• _EXERCISE INPUT_

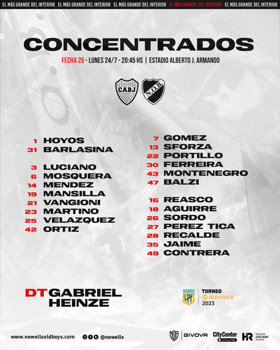 GABRIEL HEINZE : dirigió su partido oficial Nº 33 en Newell's sumando la derrota ante Claypole por Copa Argentina, los 6 partidos de Copa Sudamericana y las 26 fechas del Torneo Binance 2023, en total 13 victorias, 9 derrotas y 11 empates. En el torneo local Binance 2023, lleva un total de 8 victorias, 8 derrotas y 10 empates con una efectividad del 43,59 %. |
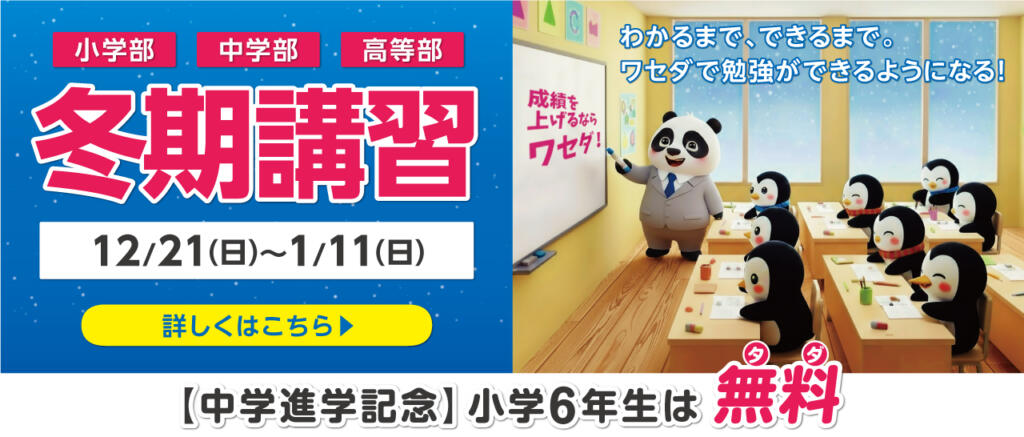 新学年準備に向けた大切な冬休みの学習は、ワセダにお任せください!
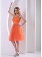 Home >  Prom Dresses >  Modest Prom Dresses > Orange Red Spagetti Straps Sweet Cocktail Dress With Beding and Ruch
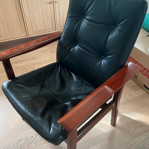 Helge Sibast No “8” med ny renoveret sæde. Desværre er den gået i stykker, og man skal have mod på at få den repareret eller kunne bruge delene. Sædet er super flot, sort læder.
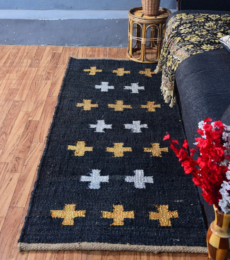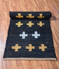Handwoven Jute & Wool Runner Rug – Black with Gold & White Cross Pattern
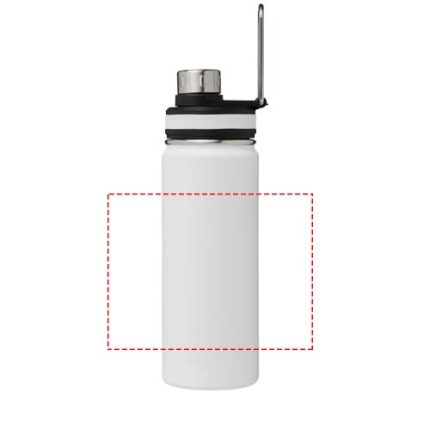 Double-walled stainless steel vacuum construction with copper insulation, which keeps beverages hot for at least 12 hours and cold for 48 hours. The construction also prevents condensation on the outside of the bottle. Features a screw-on top and stainless steel lid with a convenient handle for carrying. Dual opening construction for easy cleaning and filling. Volume capacity is 590 ml. Presented in an Avenue gift box.
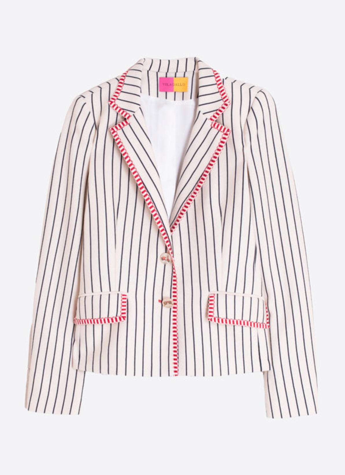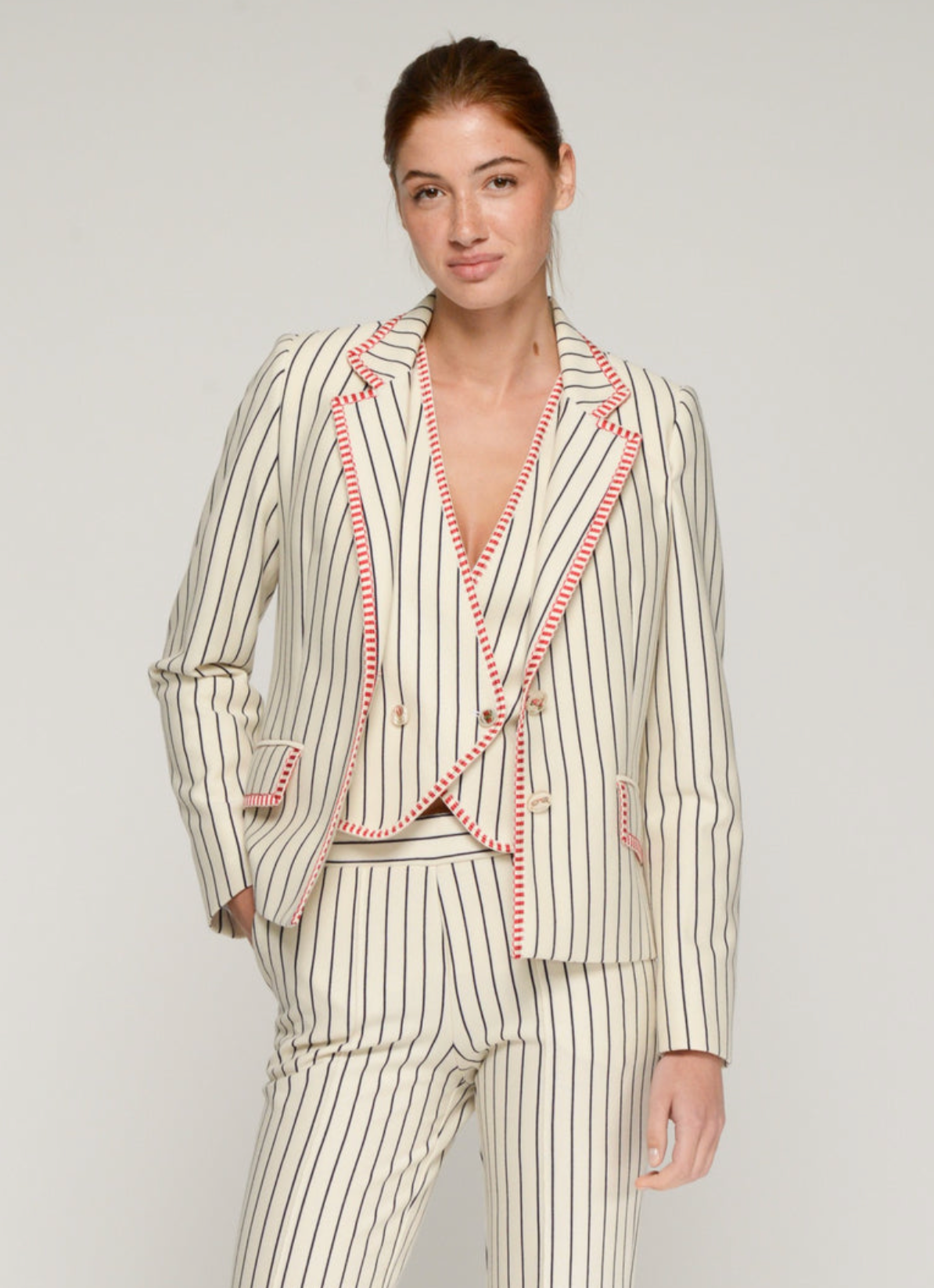 This vertical striped jacket in white and navy delivers a tailored, nautical-inspired look with bold red trim accents. Designed with a classic lapel, one-button front closure, and flap pockets, this women’s striped blazer offers polished style with a modern twist.

• _EXERCISE REQUIREMENTS_
Write out exactly the stretch of lines that begins with the line containing "新学年準備に向けた大切な冬休みの学習は、ワセダにお任せください!" and ends with the last line of the records above, leaving out the pictures.

• _RESPONSE FOR THIS EXERCISE_
 新学年準備に向けた大切な冬休みの学習は、ワセダにお任せください!
 Home >  Prom Dresses >  Modest Prom Dresses > Orange Red Spagetti Straps Sweet Cocktail Dress With Beding and Ruch
 Helge Sibast No “8” med ny renoveret sæde. Desværre er den gået i stykker, og man skal have mod på at få den repareret eller kunne bruge delene. Sædet er super flot, sort læder.
Handwoven Jute & Wool Runner Rug – Black with Gold & White Cross Pattern
 Double-walled stainless steel vacuum construction with copper insulation, which keeps beverages hot for at least 12 hours and cold for 48 hours. The construction also prevents condensation on the outside of the bottle. Features a screw-on top and stainless steel lid with a convenient handle for carrying. Dual opening construction for easy cleaning and filling. Volume capacity is 590 ml. Presented in an Avenue gift box.
 This vertical striped jacket in white and navy delivers a tailored, nautical-inspired look with bold red trim accents. Designed with a classic lapel, one-button front closure, and flap pockets, this women’s striped blazer offers polished style with a modern twist.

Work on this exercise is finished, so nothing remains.